We identified 43 patients treated with an IO agent either as a single agent or in combination. The average age was 53 years; 55.8% had hormone receptor-positive/HER2-negative breast cancer, 39.5% TNBC and 4.7% HER2-positive. Patients received an average of 2 prior lines of chemotherapy (range 0-7) in the metastatic setting. Most patients (72.1%) received IO alone and 27.9% received IO plus chemotherapy. Median progression-free survival (PFS) was 2.3 months and median overall survival (OS) was 12.1 months. Patients remaining on study ≥ 6 months (20.9%) were more likely to be treated with chemotherapy plus IO compared to patients with a PFS < 6 months (77.8% v. 14.7%). No differences in number of metastatic sites, prior lines of chemotherapy, breast cancer subtype, absolute lymphocyte count, or LDH were identified between patients with a PFS ≥ 6 months vs. < 6 months.

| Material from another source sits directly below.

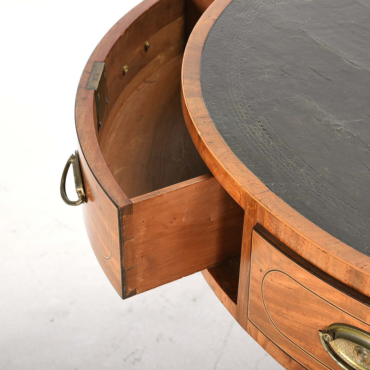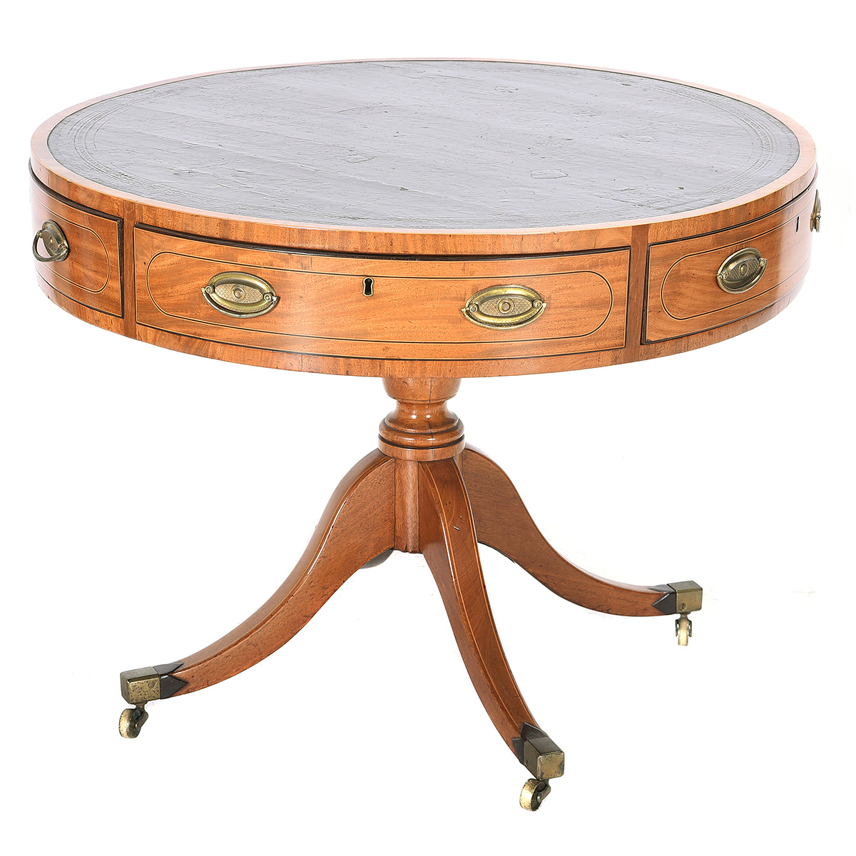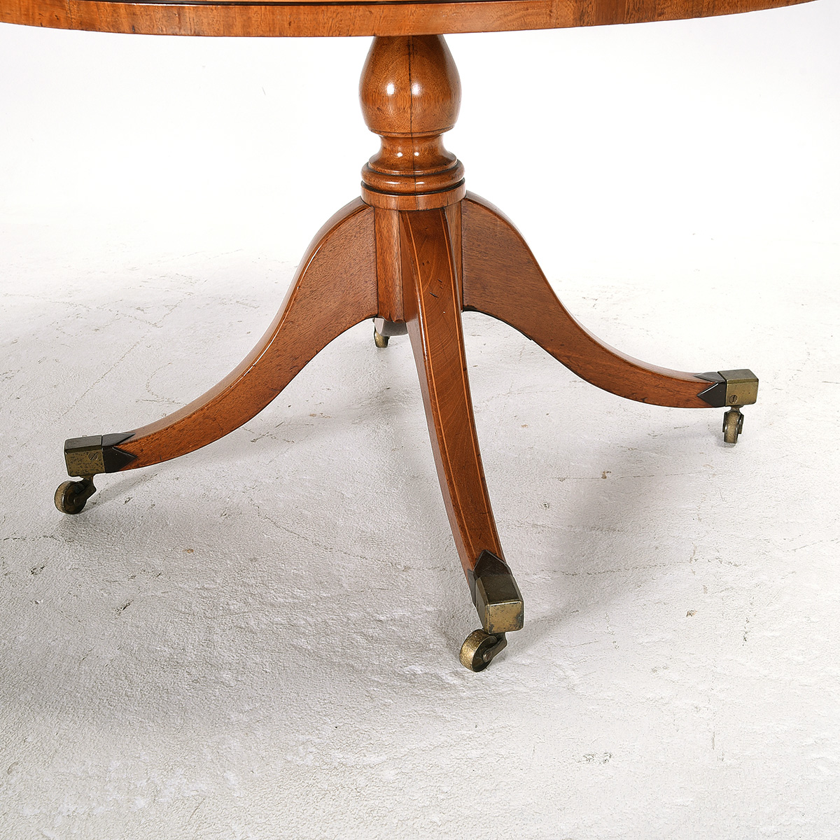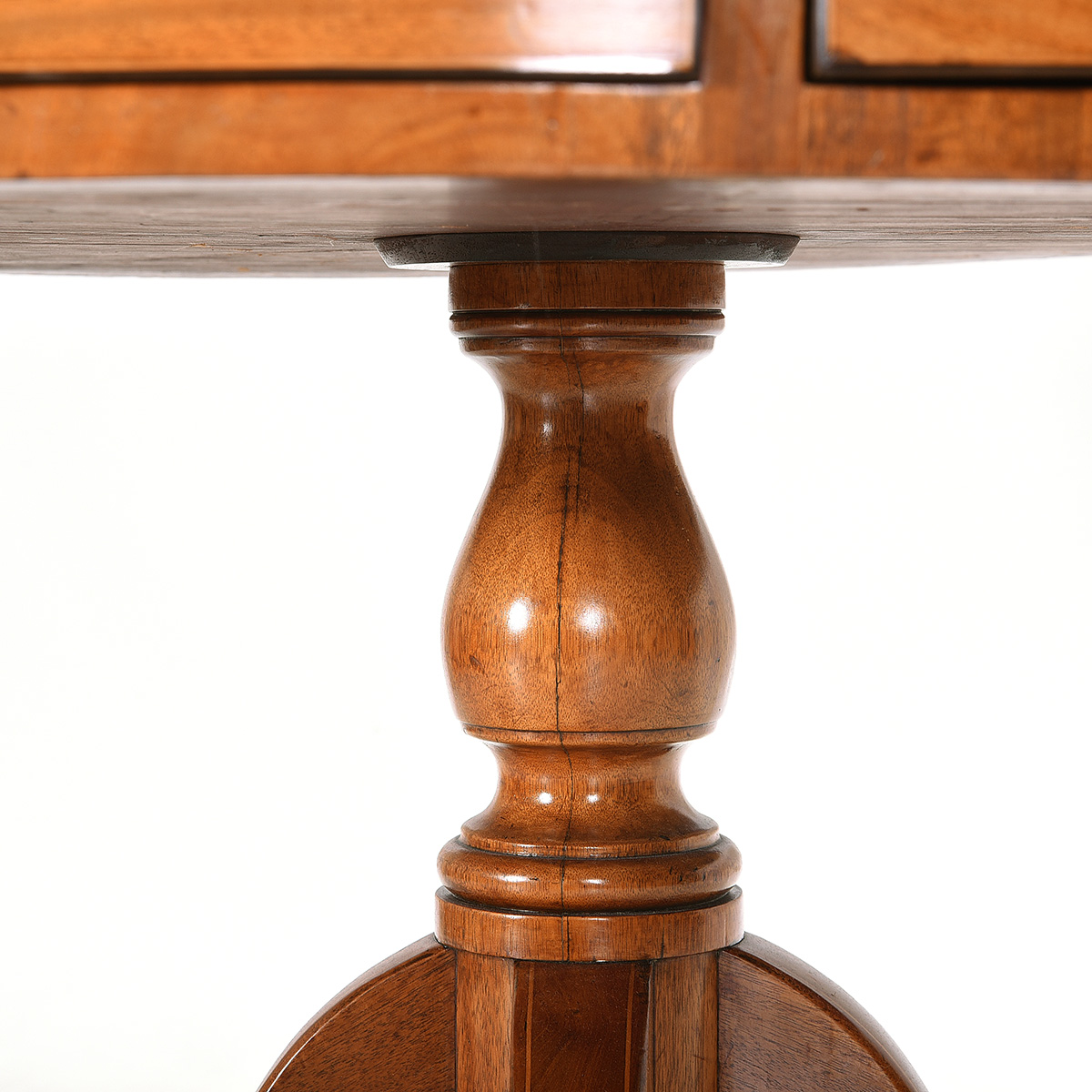 With tooled leather top, above a frieze of five drawers, on a turned column and four downswept legs with brass caps and castors, inlaid stringing to top, drawer perimeters and legs.

Our phase I experience demonstrates benefit from IO therapy that was not limited to patients with TNBC and confirms improved efficacy from IO agents in combination with chemotherapy. A subset of patients with MBC treated in phase I clinical trials with an IO agent derived prolonged clinical benefit. Predictors of response to immunotherapy in breast cancer remain uncharacterized and further research is needed to identify these factors.